Getting more fiber and nutrients Getting more fiber and nutrients

Getting more fiber and nutrients

Self-Care 28 June, 2017 Isabel Vallejo

Whole grain foods are foods that contain all three parts of the grain that has not been refined: the bran, the germ and the endosperm.

Whole grains are healthy options as they contain high levels of fiber and nutrients such as vitamins B1 and B12, and protein, minerals and unsaturated fats, which help reduce the risk of suffering from certain chronic diseases such as diabetes and heart disease.

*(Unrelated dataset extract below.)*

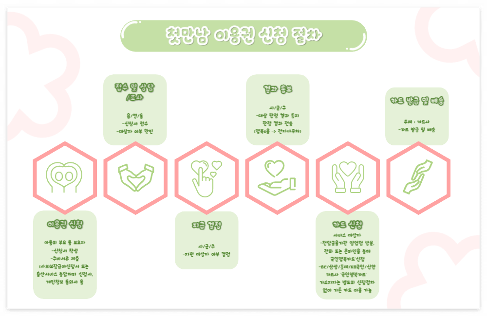 -신규 카드 발급일 경우에는 시군구청의 지급 결정이 있고 금융기관에서 카드발급되어 보호자가 사용 등록을 한 후 포인트가 생성된다는 점을 별도 사용 안내 필요(지자체, 정보원)
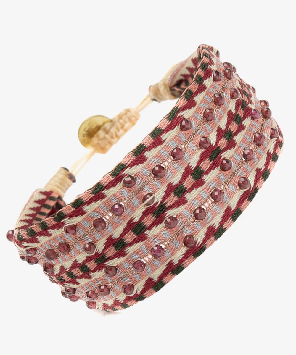 Guanábana da un giro a su tradicional ARGANTINA y la convierte en un accesorio brillante y colorido, con cuentas de piedras semipreciosas que aportan sofisticación a la pulsera. La argantina 2CMX está tejida a mano por artesanas usando un telar manual y acabada con un cierre ajustable y una medallita en bronce con nuestro mantra para que no lo olvides: BE POSITIVE.

The following are some tips from the U.S. nutrition program, ChooseMyPlate:

  • Eat whole grains for breakfast such as oatmeal, bran flakes or shredded wheat.

  • Look for labels that include the word “whole grain” in the ingredient list.

  • Try brown rice or whole wheat pasta for a change.

  • When baking, reduce the portion for whole wheat to at least half of what the recipe indicates.

  • Opt for whole wheat crackers.

  • Include whole grains in your foods or snacks every day. Popcorn, for example, can be a healthy snack.

Examples of whole grains include oatmeal, flaxseed, corn, rye, brown or wild rice, semolina, millet, quinoa, sorghum, wheat and barley.